Существует две отмеченные С. С. Аверинцевым крайности поэтического перевода, Сцилла и Харибда на пути одиссеи поэта: «либо самодержавная субъективность, либо вассальная служба при оригинале». Своеволие поэта-переводчика С. С. Аверинцев иллюстрирует примером Б. Пастернака, «вдохновлявшегося иноязычной поэзией совершенно так же, как, скажем, явлением природы». Притязание на аутентичность иллюстрирует судьба французского поэта Жюля Фабра, поведанная Готье: выбрав путь самоотрешения, помешанный на Шекспире поэт, видевший во французской культуре препятствие для решения поставленной задачи, Фабр переселился на родину Потрясающего Копьем, сделался заправским «англичанином», но поставленную перед собой задачу так и не решил: «чем больше он „отрешался“ от Франции, тем больше утрачивал ту упругую среду собственной культуры, на фоне которой только и можно почувствовать своеобычность и характерность культуры чужой».
Перевод – это не лишенная драматизма борьба двух субъективностей, двух «я» – переводящего и переводимого, взаимодействующих не только как эмпирические, но и как «культурные» субъекты: интерпретатор выступает носителем «своей» культуры, а переводимый поэт – носителем «чужой». С одной стороны, переводчик, конечно, должен бороться за то, чтобы вжиться в «чужое», преодолев притяжение «своего»; в противном случае ему грозит опасность вытеснить, подменить собою переводимого автора, «вчитать» себя в иноязычный оригинал. С другой стороны, притяжение собственной культуры не должно быть преодолено полностью, ибо только «взгляд извне делает возможным имагинативное слияние через барьер различия», иначе перед переводчиком во весь рост встает другая опасность – опасность раствориться в «чужом», утратить ощущение его специфичности.
Вот почему идеальный перевод вырастает из не совсем обычной борьбы: это своего рода «любящая борьба», цель которой – не растворение в оригинале, но и не его отчуждающая объективация; оригинал надо «завоевать», подобно тому как мы завоевываем любимое существо, не уничтожая его субъективности, но и не подчиняясь ей полностью, сохраняя собственное – любящее – «я» и вместе с тем добровольно отдавая его во власть другому «я» – любимому.
Понятно, что такой идеал трудно достижим – как в жизни, так и в поэзии.

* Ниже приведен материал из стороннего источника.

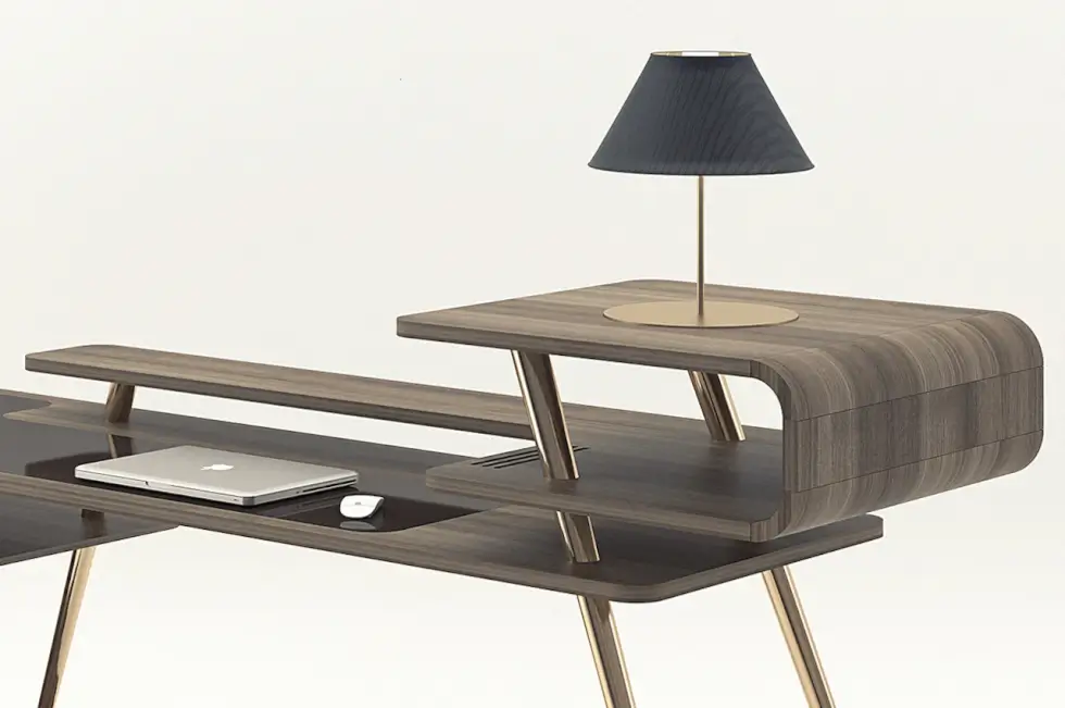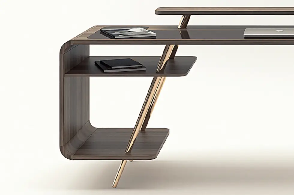 The Table is a humble piece of furniture that boasts a classic design but with a modern twist. It makes a great addition to your work setup or even in the living area. It boasts four diagonal legs in shiny gold that make a beautiful contrast to the woodwork. They add visual delight as they appear to pierce the wood panels.

«Неодолимые трудности» перевода символистской поэзии иллюстрируют многочисленные опыты по переложению на русский «Осенней песни»:
По мнению К. Н. Григорьяна, переводы Брюсова, Сологуба, Минского, Тхоржевского, Кузнецова, Гелескула «не дают верного представления не только о стилистической природе и музыкальном строе французского оригинала, но и в разной степени искажают характер настроения». Впрочем, сами переводчики сознавали это: свидетельство тому – вывод Брюсова, пытавшегося с десяток раз вернуться к переработке текста и пришедшего к заключению о возможности «только приблизительного» перевода.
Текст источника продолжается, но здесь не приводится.